Figure 2 shows the molecular structure of (1). The rather disparate values of the C1–O1 and C1–O2 bond lengths of 1.219(3) and 1.300(3) Å, respectively, confirm the presence of a carboxylic acid group; further support for this assignment is seen in the supramolecular association (see below). An all-trans configuration in the carbon side chain is precluded owing to a twist about the C4–C5 bond as seen in the sequence of C1–C2–C3–C4 [−175.8(2)°], C2–C3–C4–C5 [−177.9(2)°], C3–C4–C5–N1 [−157.0(2)°], and C4–C5–N1–C6 [177.8(2)°] torsion angles. A further significant twist in the molecule is noted about the N1–C6 bond and is reflected in the C5–N1–C6–C7 [138.2(2)°] torsion angle; the O1–C1–C2–C3 torsion angle is 5.9(4)°, being indicative of a coplanar relationship in this part of the molecule.

As indicated in the introduction, there are several closely related ArN(H)C(=O)(CH₂)₃C(=O)OH structures in the crystallographic literature [3,4,5,6,7]. As seen in the overlay diagram of Figure 3, there is considerable conformational flexibility in these molecules. This flexibility relates to the relationship between the Ar ring and attached amide group, between the carboxylic acid group and the chain it is connected to, and in the conformation of the side chain. The latter is nicely illustrated for the two independent molecules comprising the asymmetric unit of the Ar = 2-MeOC₆H₄ compound, where the C3–C4–C5–N1 torsion angles of −117.9(3) and −161.8(2)°, respectively, indicate a distinctive kink in the former. It is noted that the substituents in the 2-position, when present, are consistently, approximately syn to the amide-N–H atom.

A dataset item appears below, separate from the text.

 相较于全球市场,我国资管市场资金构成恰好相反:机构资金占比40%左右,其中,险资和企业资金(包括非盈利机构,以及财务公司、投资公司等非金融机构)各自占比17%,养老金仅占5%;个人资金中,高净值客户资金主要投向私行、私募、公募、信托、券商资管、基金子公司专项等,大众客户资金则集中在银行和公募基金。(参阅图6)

The aforementioned flexibility in the molecules is reflected in the ranges of torsion angle. Thus, the C5–N1–C6–C7 torsion angles relating the amide to Ar rings range from −16.4(5)° for the first independent molecule of the 2-methoxy derivative [4] to −133.95(18)° for the 3,5-dichloro molecule [5]. The range of O1–C1–C2–C3 torsion angles, relating to the relative orientation of the carboxylic acid residue and the chain it is connected to, is smaller, that is, 0.6(4)° for the first independent molecule of the 2-methoxy molecule [4] to 13.9(5)° for the 4-chloro derivative [7]. The deviations from coplanarity in the terminal C1–C2–C3–C4 and C4–C5–N1–C6 torsion angles are relatively minor, with maximum deviations manifested in the 171.1(2) and −173.66(14)° values, respectively for the first independent molecule of the 2-methoxy derivative [4] and the 3-methoxy derivative [6]. A prominent kink is noted about the C3–C4 bond in the 3,5-dichloro molecule [5], with C2–C3–C4–C5 = 78.5(2)°. Similarly, a major twist is noted about the C4–C5 bond for the first independent molecule of the 2-methoxy derivative [4], with C2–C3–C4–C5 = 117.9(3)°.

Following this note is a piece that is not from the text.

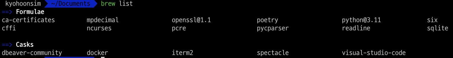 잘 설치되었는지 확인해보기 위해 brew list 명령을 주면 다음과 같이 잘 설치된 것을 확인할 수 있습니다. Casks 아래 docker 보이시죠?

As often observed in the crystals of ArN(H)C(=O)(CH₂)₃C(=O)OH [3,4,5,6,7], the carboxylic acid residues form eight-membered {^…OCOH}₂ synthons to assemble a pair of molecules about a center of inversion; geometric parameters describing the identified intermolecular interactions are given in the caption to Figure 3. The resulting two molecule aggregates are connected into a supramolecular tape by amide-N–H^…O(amide) hydrogen bonds as shown in Figure 4. The tapes pack in the crystal without directional interactions between according to the distance criteria assumed in PLATON [10].

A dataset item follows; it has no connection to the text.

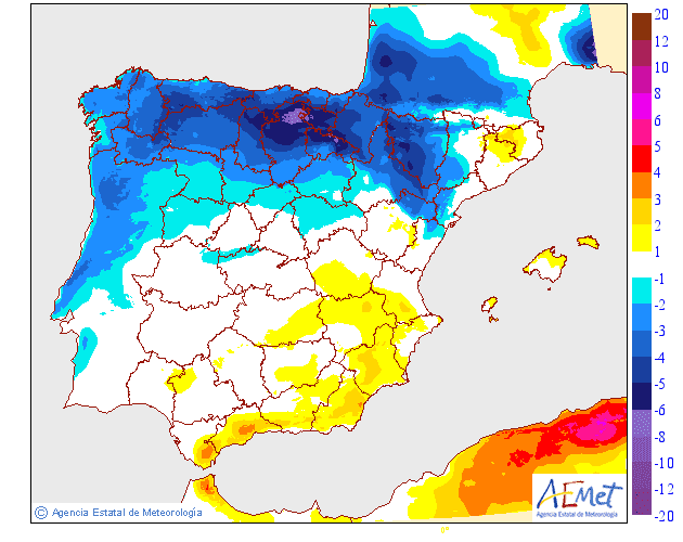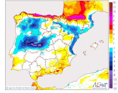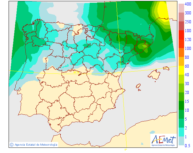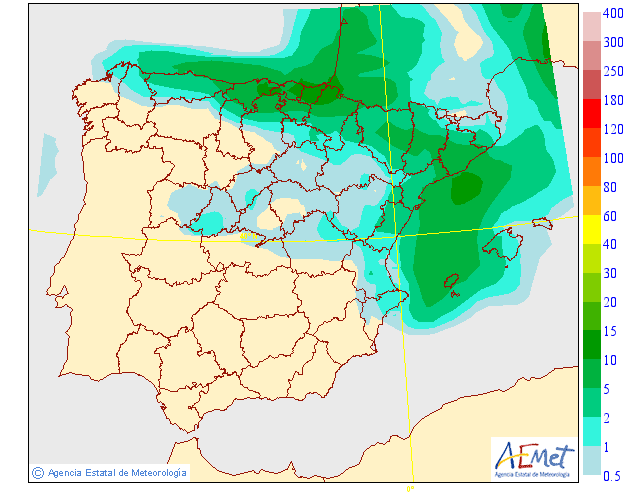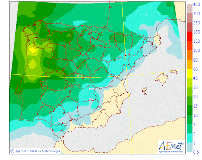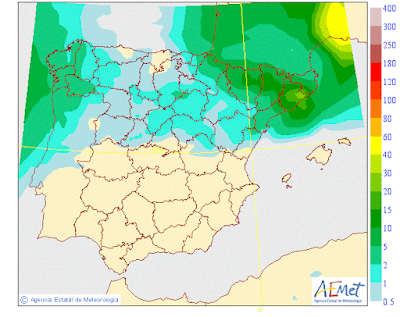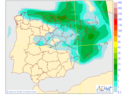 Se esperan precipitaciones, en forma de chubascos débiles y dispersos de distribución irregular, pero con mayor probabilidad en las laderas de la Ibérica orientadas a los vientos dominantes que serán del Sw.

The availability of seven closely related crystals offers the opportunities of ascertaining any trends. First and foremost, three of the molecules crystallize in the triclinic space group P¯1, namely (1), Ar = 2-MeOC₆H₄ [4], and 3-MeOC₆H₄ [6] and the three remaining molecules, namely Ar = 4-ClC₆H₄ [7], 3,5-Cl₂C₆H₃ [5], and 2-NO₂, 4-MeOC₆H₃ [3] crystallize in the monoclinic space group P2₁/c. Despite this, no isostructural relationships exist between any of the crystals. However, five of the crystals feature supramolecular tapes akin to that shown in Figure 3 for (1). This common supramolecular feature is reflected in similar unit cell edges along which the amide chains are propagated, that is, corresponding to the pitch of the supramolecular polymer; these range from 4.7931(2) for Ar = 4-ClC₆H₄ [7] to 5.0167(2) for Ar = 3-MeOC₆H₄ [6]. The Ar = 2-MeOC₆H₄ [4] compound adopts a distinct mode of supramolecular association whereby the two independent molecules associate via an eight-membered {^…OCOH}₂ synthon and amide-N–H^…O(amide) hydrogen bonds giving rise to a twisted chain. The amide oxygen atom not participating in a conventional hydrogen bond forms C–H^…O interactions and the amide-N-H does not form a close intermolecular contact [4].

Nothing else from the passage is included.